● **Prompt**
Although the records contain pictures, only their text should be repeated, exactly as it stands.

● **Data records**
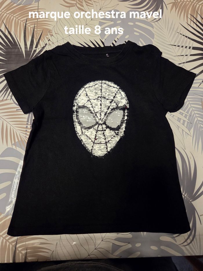 Bonjour Je vends ce tee shirt Tête de spiderman sequins Marque orchestra marvel Taille 8 ans Tres bon état N'hésitez pas à faire un lot dans mon dressing Cordialement
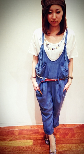 脚をみせて健康的オーバーオールスタイル!
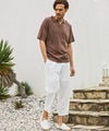 Tシャツのような軽快さを持ちながら、スキッパー仕様の首元が印象を引き締め。
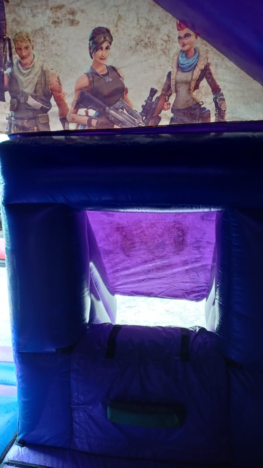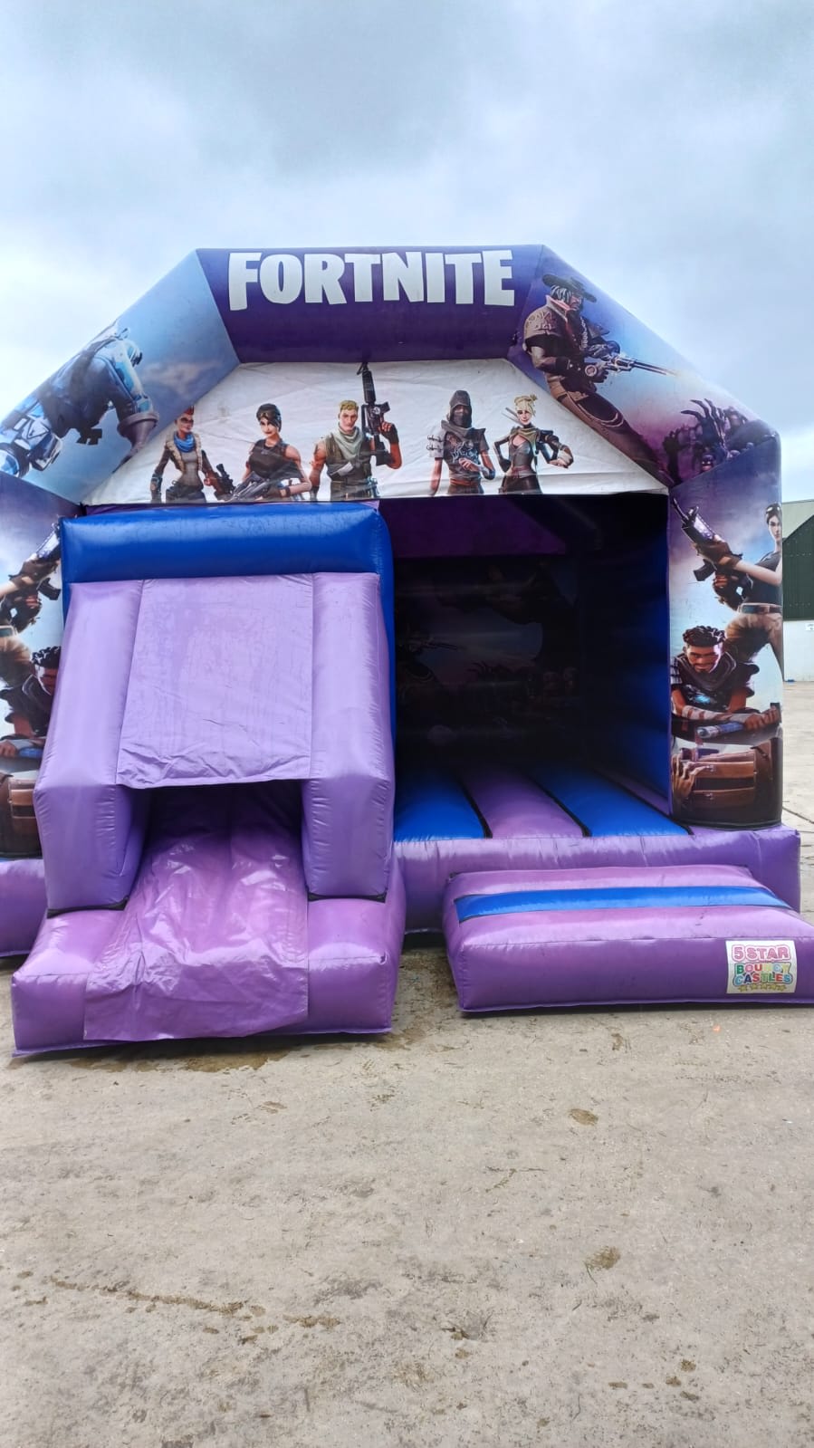 Our Fortnite slide bouncy castle is a thrilling inflatable play structure themed around the popular Fortnite video game. It features vibrant graphics and iconic elements from the game. The bouncy castle includes a spacious bouncing area and an exciting slide, allowing kids to jump, climb, and slide in a safe and fun environment. Perfect for gaming-themed parties, community events, and festivals, the Fortnite slide bouncy castle offers an immersive and action-packed experience for young fans of the game.
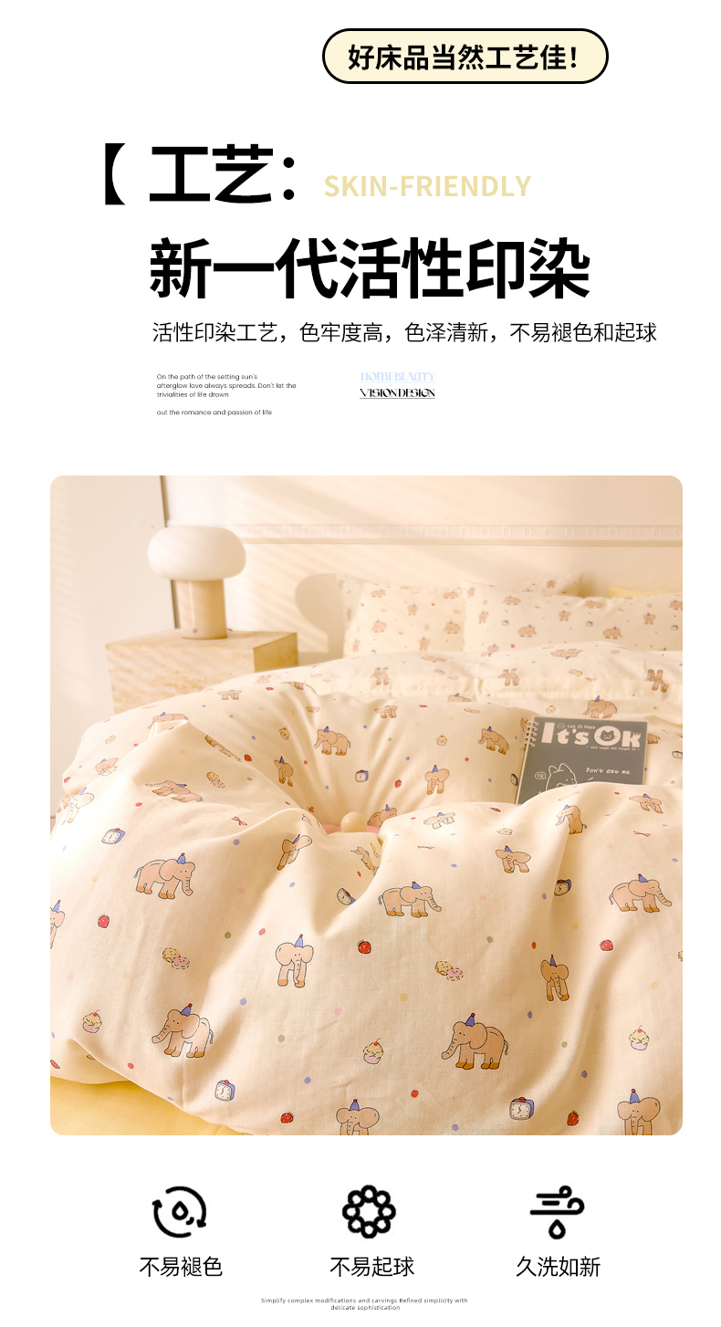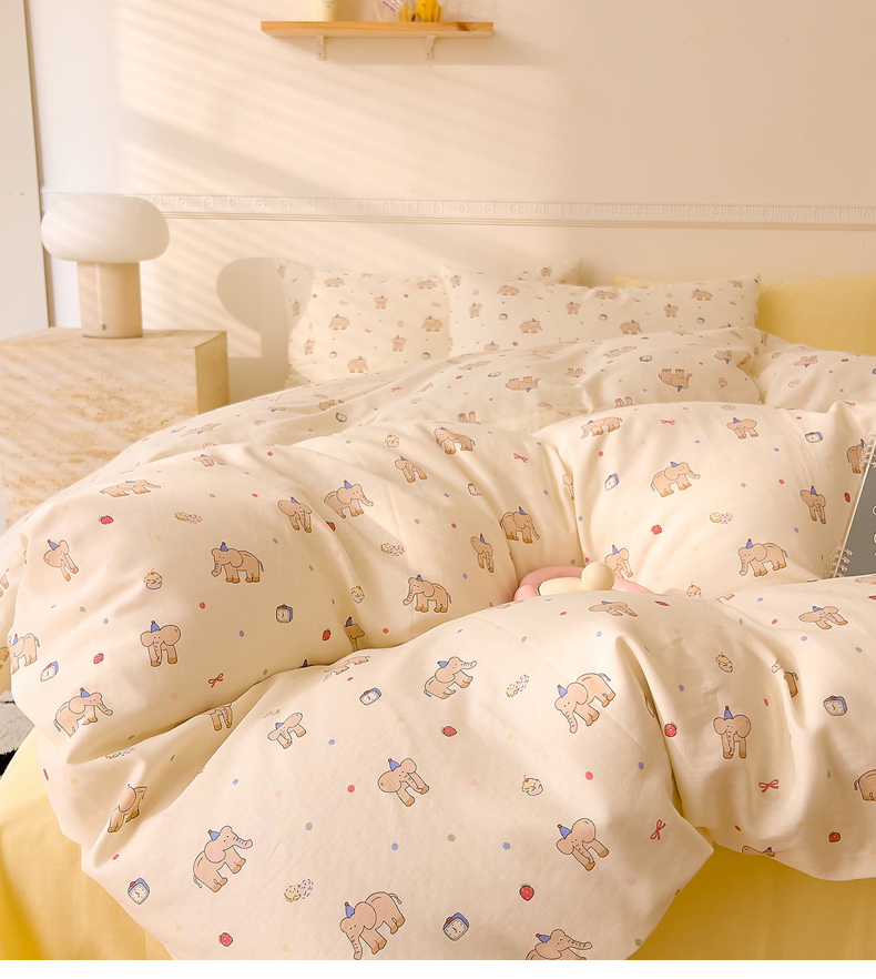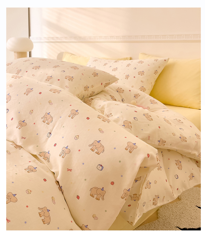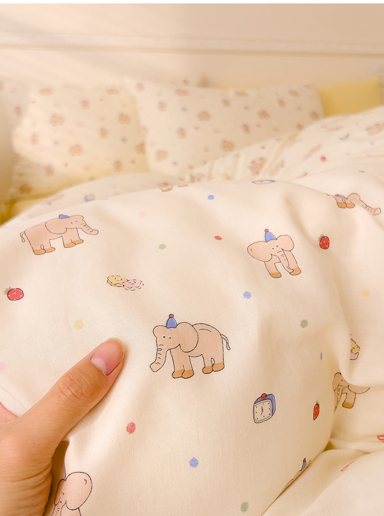 当前位置: 91家纺网 > 商品网购 > 床品套件 > 四件套 > 全棉普通四件套 > DoDo 兜兜 2025新款全棉双层纱印花四件套(可定做尺寸) 可爱小象

● **The completed task**
 Bonjour Je vends ce tee shirt Tête de spiderman sequins Marque orchestra marvel Taille 8 ans Tres bon état N'hésitez pas à faire un lot dans mon dressing Cordialement
 脚をみせて健康的オーバーオールスタイル!
 Tシャツのような軽快さを持ちながら、スキッパー仕様の首元が印象を引き締め。
 Our Fortnite slide bouncy castle is a thrilling inflatable play structure themed around the popular Fortnite video game. It features vibrant graphics and iconic elements from the game. The bouncy castle includes a spacious bouncing area and an exciting slide, allowing kids to jump, climb, and slide in a safe and fun environment. Perfect for gaming-themed parties, community events, and festivals, the Fortnite slide bouncy castle offers an immersive and action-packed experience for young fans of the game.
 当前位置: 91家纺网 > 商品网购 > 床品套件 > 四件套 > 全棉普通四件套 > DoDo 兜兜 2025新款全棉双层纱印花四件套(可定做尺寸) 可爱小象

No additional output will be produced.